» WHAT TO PRODUCE: A verbatim copy of all the data is required, minus any images.

⟨

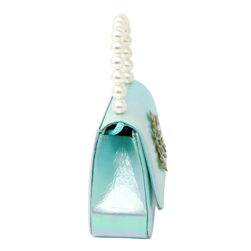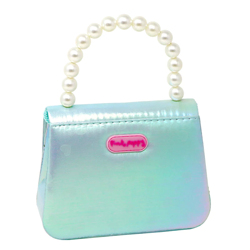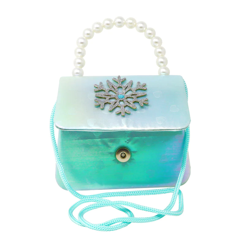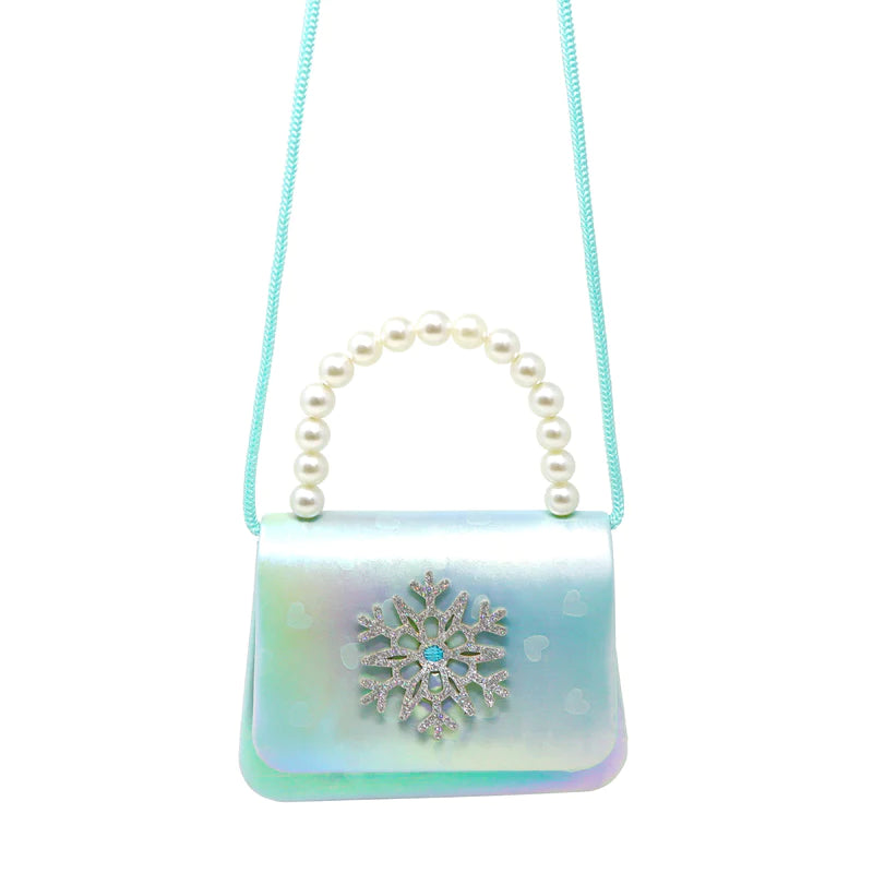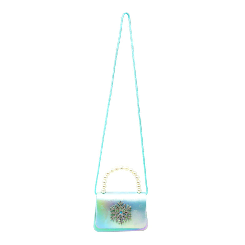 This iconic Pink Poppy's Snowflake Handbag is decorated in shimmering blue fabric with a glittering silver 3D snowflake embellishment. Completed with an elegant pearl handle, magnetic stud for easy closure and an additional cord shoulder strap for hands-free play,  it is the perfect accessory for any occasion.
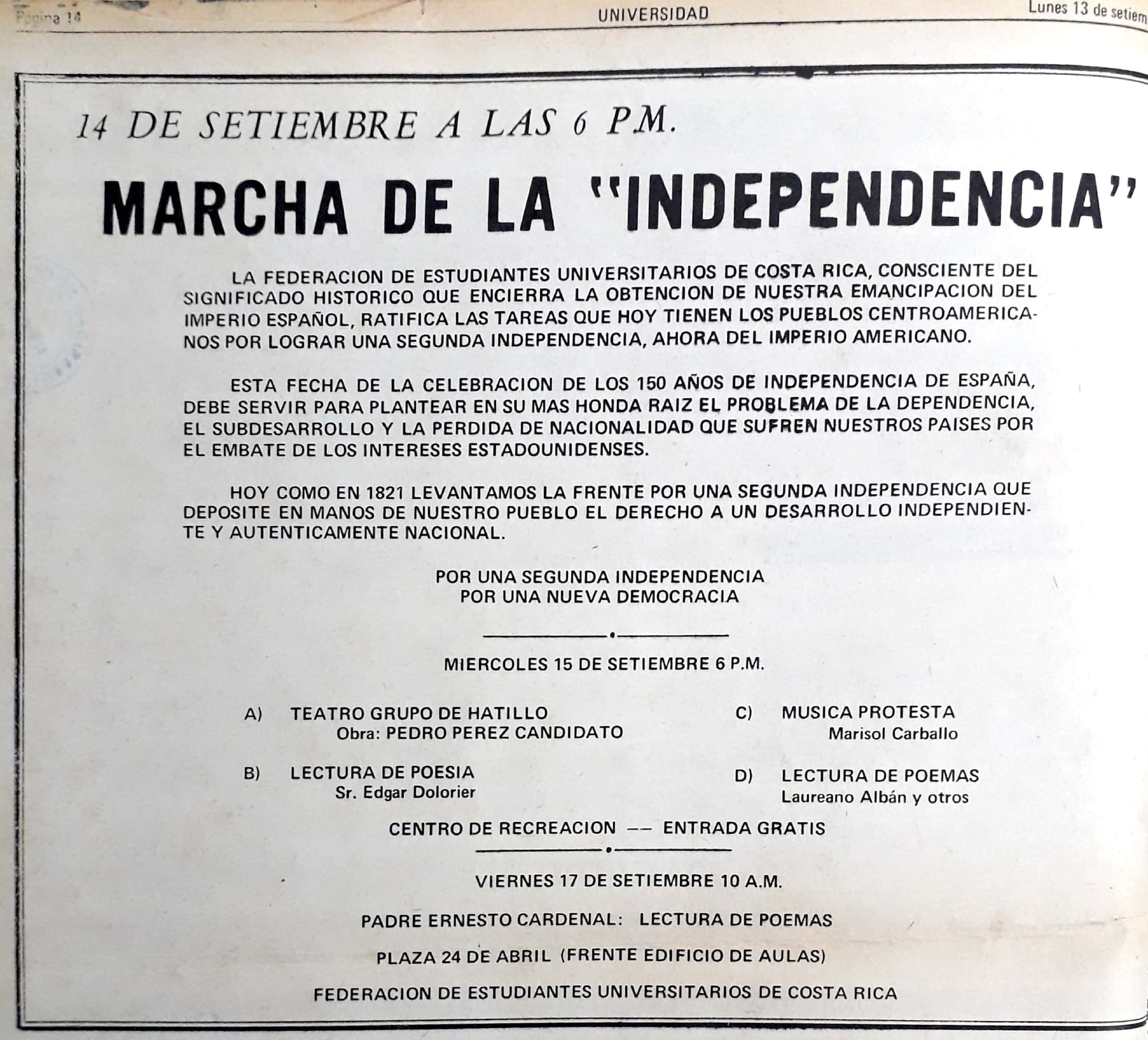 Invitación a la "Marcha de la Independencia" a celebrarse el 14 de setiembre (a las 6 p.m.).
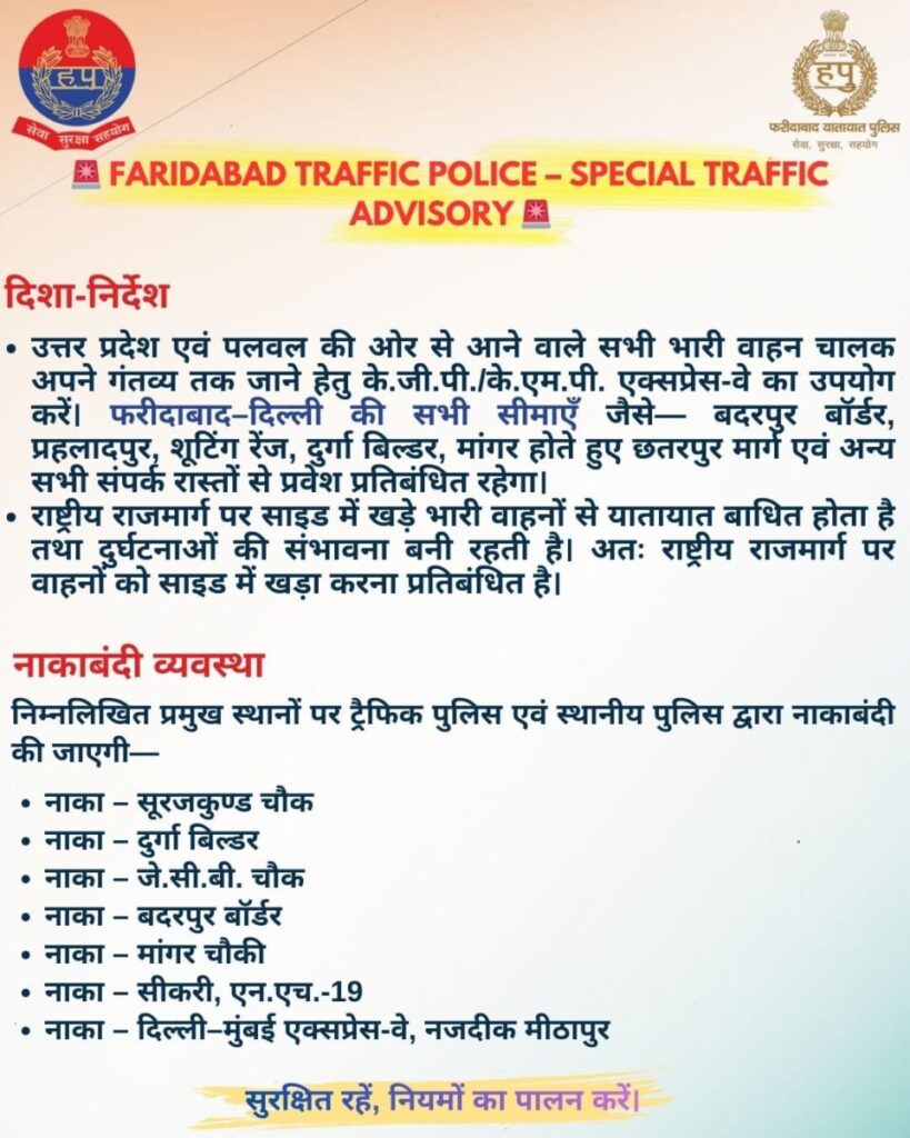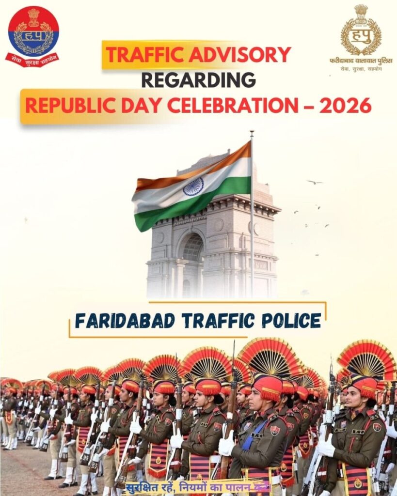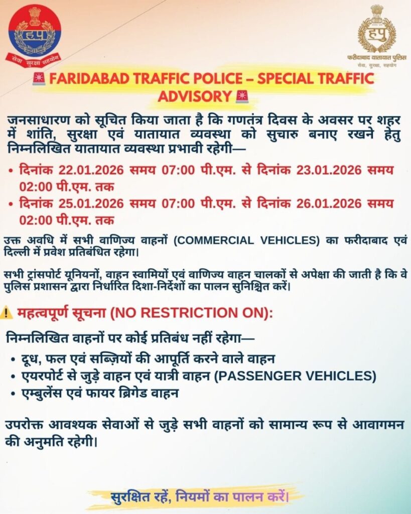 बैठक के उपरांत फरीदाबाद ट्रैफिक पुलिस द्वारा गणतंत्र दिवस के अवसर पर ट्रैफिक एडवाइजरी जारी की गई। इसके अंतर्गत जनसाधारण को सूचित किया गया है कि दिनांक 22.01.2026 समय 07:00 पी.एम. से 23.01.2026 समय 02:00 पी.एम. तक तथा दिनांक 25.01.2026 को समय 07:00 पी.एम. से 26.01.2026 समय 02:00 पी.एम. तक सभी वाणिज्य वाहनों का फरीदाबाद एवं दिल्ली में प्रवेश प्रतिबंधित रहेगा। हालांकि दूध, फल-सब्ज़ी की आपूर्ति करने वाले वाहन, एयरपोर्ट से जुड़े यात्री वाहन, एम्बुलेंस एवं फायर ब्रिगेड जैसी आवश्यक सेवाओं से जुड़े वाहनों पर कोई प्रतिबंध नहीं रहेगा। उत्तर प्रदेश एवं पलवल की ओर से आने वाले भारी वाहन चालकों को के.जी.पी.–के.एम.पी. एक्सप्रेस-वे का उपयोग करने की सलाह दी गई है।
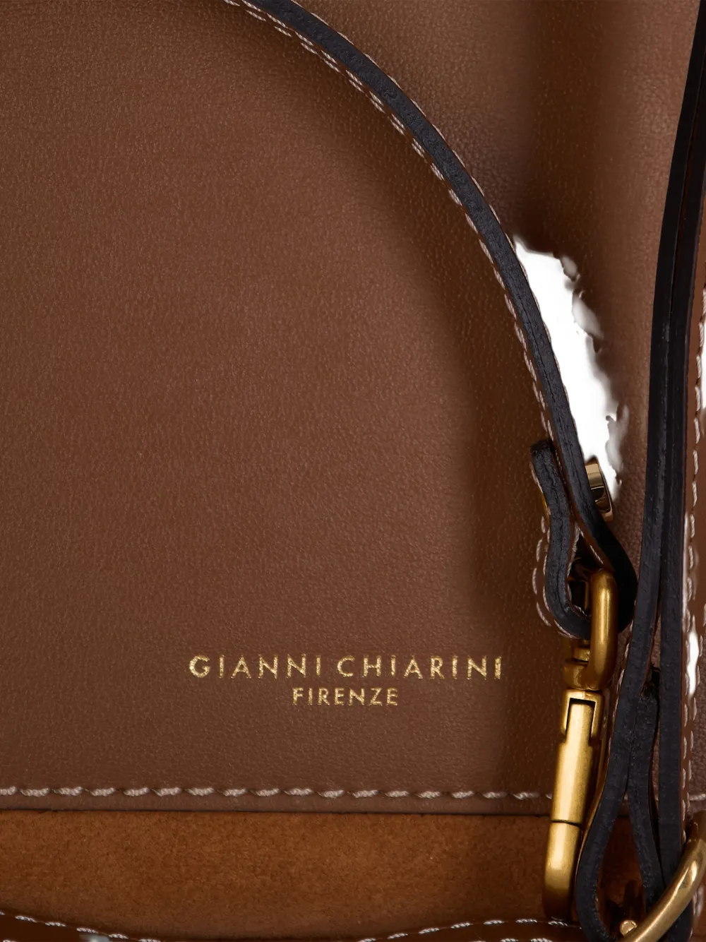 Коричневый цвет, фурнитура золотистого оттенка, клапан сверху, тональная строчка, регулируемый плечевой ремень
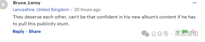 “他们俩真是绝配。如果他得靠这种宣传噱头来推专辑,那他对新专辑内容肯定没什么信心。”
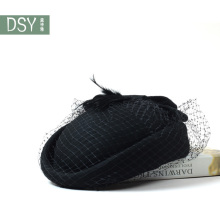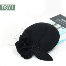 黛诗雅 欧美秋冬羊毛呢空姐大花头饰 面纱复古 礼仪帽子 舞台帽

⟩

» TASK ANSWER:
 This iconic Pink Poppy's Snowflake Handbag is decorated in shimmering blue fabric with a glittering silver 3D snowflake embellishment. Completed with an elegant pearl handle, magnetic stud for easy closure and an additional cord shoulder strap for hands-free play,  it is the perfect accessory for any occasion.
 Invitación a la "Marcha de la Independencia" a celebrarse el 14 de setiembre (a las 6 p.m.).
 बैठक के उपरांत फरीदाबाद ट्रैफिक पुलिस द्वारा गणतंत्र दिवस के अवसर पर ट्रैफिक एडवाइजरी जारी की गई। इसके अंतर्गत जनसाधारण को सूचित किया गया है कि दिनांक 22.01.2026 समय 07:00 पी.एम. से 23.01.2026 समय 02:00 पी.एम. तक तथा दिनांक 25.01.2026 को समय 07:00 पी.एम. से 26.01.2026 समय 02:00 पी.एम. तक सभी वाणिज्य वाहनों का फरीदाबाद एवं दिल्ली में प्रवेश प्रतिबंधित रहेगा। हालांकि दूध, फल-सब्ज़ी की आपूर्ति करने वाले वाहन, एयरपोर्ट से जुड़े यात्री वाहन, एम्बुलेंस एवं फायर ब्रिगेड जैसी आवश्यक सेवाओं से जुड़े वाहनों पर कोई प्रतिबंध नहीं रहेगा। उत्तर प्रदेश एवं पलवल की ओर से आने वाले भारी वाहन चालकों को के.जी.पी.–के.एम.पी. एक्सप्रेस-वे का उपयोग करने की सलाह दी गई है।
 Коричневый цвет, фурнитура золотистого оттенка, клапан сверху, тональная строчка, регулируемый плечевой ремень
 “他们俩真是绝配。如果他得靠这种宣传噱头来推专辑,那他对新专辑内容肯定没什么信心。”
 黛诗雅 欧美秋冬羊毛呢空姐大花头饰 面纱复古 礼仪帽子 舞台帽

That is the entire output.